[[ MATERIAL PROVIDED open ]]

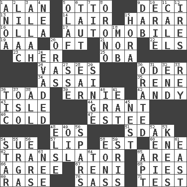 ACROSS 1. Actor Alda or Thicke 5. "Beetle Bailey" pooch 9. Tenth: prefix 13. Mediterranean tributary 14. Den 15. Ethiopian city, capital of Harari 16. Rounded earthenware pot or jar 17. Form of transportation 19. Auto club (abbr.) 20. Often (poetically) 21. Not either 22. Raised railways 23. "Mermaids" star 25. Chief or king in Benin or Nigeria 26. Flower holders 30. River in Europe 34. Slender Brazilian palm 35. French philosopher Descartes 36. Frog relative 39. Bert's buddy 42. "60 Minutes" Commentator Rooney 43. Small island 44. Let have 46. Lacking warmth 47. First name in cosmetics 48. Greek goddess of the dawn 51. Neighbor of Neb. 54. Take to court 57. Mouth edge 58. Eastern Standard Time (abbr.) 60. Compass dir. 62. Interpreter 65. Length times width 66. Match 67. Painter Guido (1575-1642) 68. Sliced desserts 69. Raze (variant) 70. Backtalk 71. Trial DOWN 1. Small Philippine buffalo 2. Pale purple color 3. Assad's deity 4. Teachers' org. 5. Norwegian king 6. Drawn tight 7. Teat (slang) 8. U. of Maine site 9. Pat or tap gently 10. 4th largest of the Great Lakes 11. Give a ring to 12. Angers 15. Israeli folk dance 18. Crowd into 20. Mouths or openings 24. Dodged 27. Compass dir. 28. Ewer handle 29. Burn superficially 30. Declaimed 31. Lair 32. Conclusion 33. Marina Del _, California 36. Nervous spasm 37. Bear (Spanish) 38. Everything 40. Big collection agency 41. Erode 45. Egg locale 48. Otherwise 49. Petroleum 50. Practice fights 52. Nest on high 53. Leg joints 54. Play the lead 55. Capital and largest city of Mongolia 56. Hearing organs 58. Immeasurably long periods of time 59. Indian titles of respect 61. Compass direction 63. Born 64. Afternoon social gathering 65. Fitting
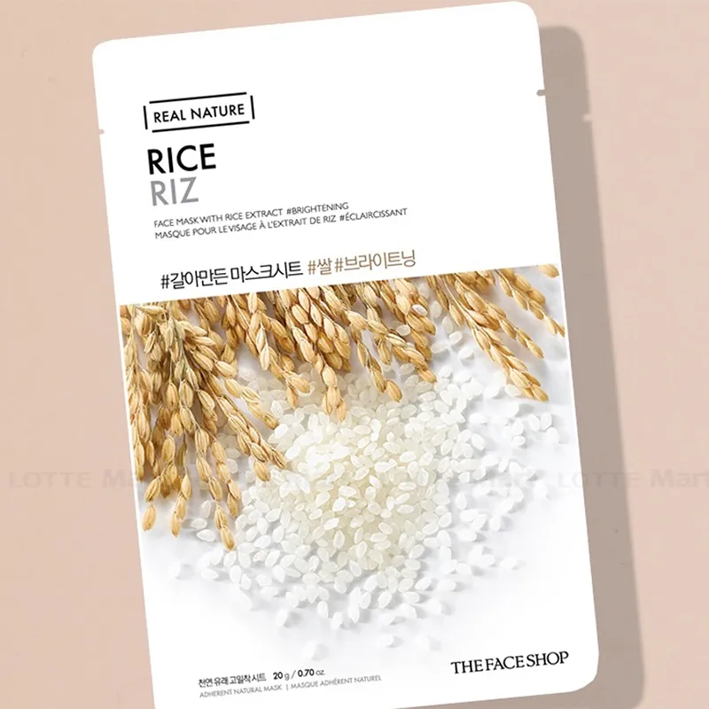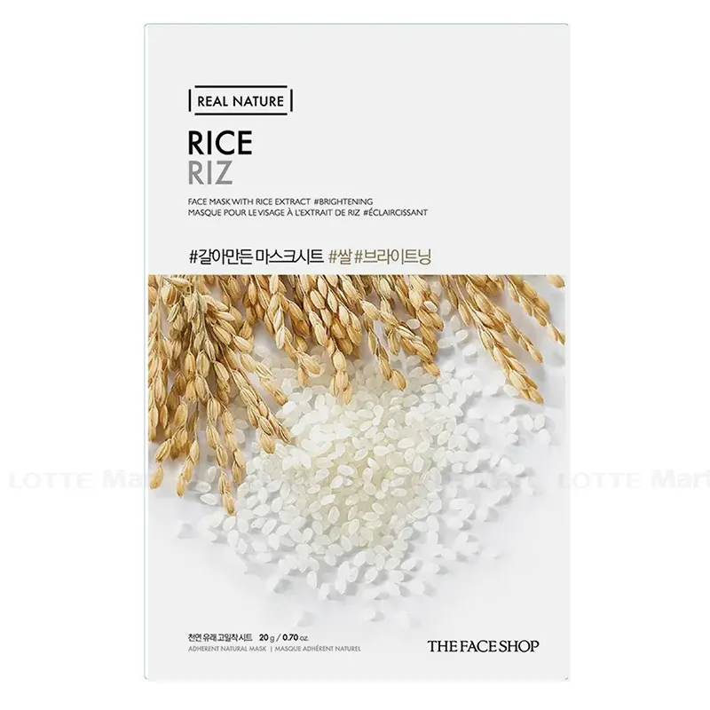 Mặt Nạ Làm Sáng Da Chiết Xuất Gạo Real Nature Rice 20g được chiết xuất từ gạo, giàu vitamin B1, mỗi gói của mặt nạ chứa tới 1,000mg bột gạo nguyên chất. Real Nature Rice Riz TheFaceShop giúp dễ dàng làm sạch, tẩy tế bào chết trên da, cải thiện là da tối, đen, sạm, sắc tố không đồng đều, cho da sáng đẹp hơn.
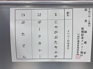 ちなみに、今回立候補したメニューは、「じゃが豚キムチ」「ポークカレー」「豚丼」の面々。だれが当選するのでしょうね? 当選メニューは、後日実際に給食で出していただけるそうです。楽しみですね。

[[ MATERIAL PROVIDED closed ]]

GOAL OF THE EXERCISE →
A faithful copy is needed of the lines from the one containing "Mặt Nạ Làm Sáng" through the last line of the data above, with pictures left out.

SOLUTION TO THIS PROBLEM →
 Mặt Nạ Làm Sáng Da Chiết Xuất Gạo Real Nature Rice 20g được chiết xuất từ gạo, giàu vitamin B1, mỗi gói của mặt nạ chứa tới 1,000mg bột gạo nguyên chất. Real Nature Rice Riz TheFaceShop giúp dễ dàng làm sạch, tẩy tế bào chết trên da, cải thiện là da tối, đen, sạm, sắc tố không đồng đều, cho da sáng đẹp hơn.
 ちなみに、今回立候補したメニューは、「じゃが豚キムチ」「ポークカレー」「豚丼」の面々。だれが当選するのでしょうね? 当選メニューは、後日実際に給食で出していただけるそうです。楽しみですね。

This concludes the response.